We will use the PyDriller library to pull commit data from a local git repository and build a list of commits.

This process can take a very long time depending on the size of the repository (0.25 - 1 seconds *per commit*, depending on your machine and the `num_threads`).

In [3]:
from Scripts import GitAnalyzer 

# This will pull all repository data and write to Commits.csv and FileCommits.csv
GitAnalyzer.analyze_repository(repository_path, 
                               num_threads=num_threads,
                               author_info=author_info,
                               commits_file_path=commit_data_path,
                               file_commits_file_path=file_commit_data_path,
                               branch=repository_branch)

Analyzing Git Repository at C:\Dev\GitStractor
Fetching commits.
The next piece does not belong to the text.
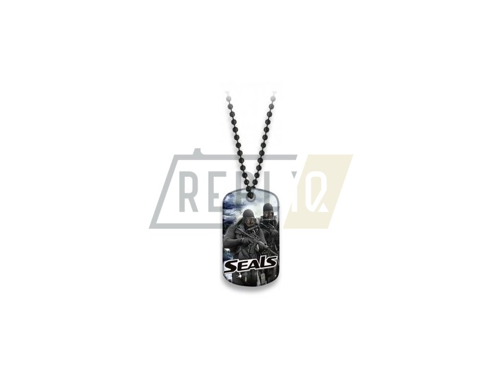 SEALs jsou Námořní, vzdušné a pozemní týmy Námořnictva Spojených států amerických. Součástí je černý korálkový řetízek. Řetízek můžete zkrátit/sundat a známku nosit nejenom na krku, ale třeba i jako přívěšek na klíčích.

This can take a long time...
Read 2 commits and 11 file commits
Saved to Commits.csv
Saved to FileCommits.csv
Repository Data Pulled Successfully


## Part 2: Building File Size Information

Next we'll walk the directory looking at source files and build out a CSV file with all file data.

In [4]:
from Scripts import FileAnalyzer

FileAnalyzer.build_file_sizes(repository_path, file_size_data_path)

Reading file metrics from C:\Dev\GitStractor
5 source files read from C:\Dev\GitStractor
File size information saved to FileSizes.csv


## Part 3: Data Aggregation

Next, we're going to unify all the data together into a MergedFileData.csv and FileData.csv files that let us do more in-depth analysis without having to manage the joins downstream

**NOTE:** Nuances of commit history is currently lost for files that have been renamed.

In [5]:
from Scripts import GitDataMerger

GitDataMerger.generate_merged_file_data(file_commit_data_path, 
                                        file_size_data_path, 
                                        merged_file_data_path,
                                        file_data_path)

Loading file commit data from FileCommits.csv
Loading file size data from FileSizes.csv
Merged file data created in MergedFileData.csv
Aggregating file data
Writing file data to FileData.csv
File generation completed


## Ready for Analysis
Next up is the actual data analysis workflow.

In [6]:
print('Analysis complete. Data files are ready for import')

Analysis complete. Data files are ready for import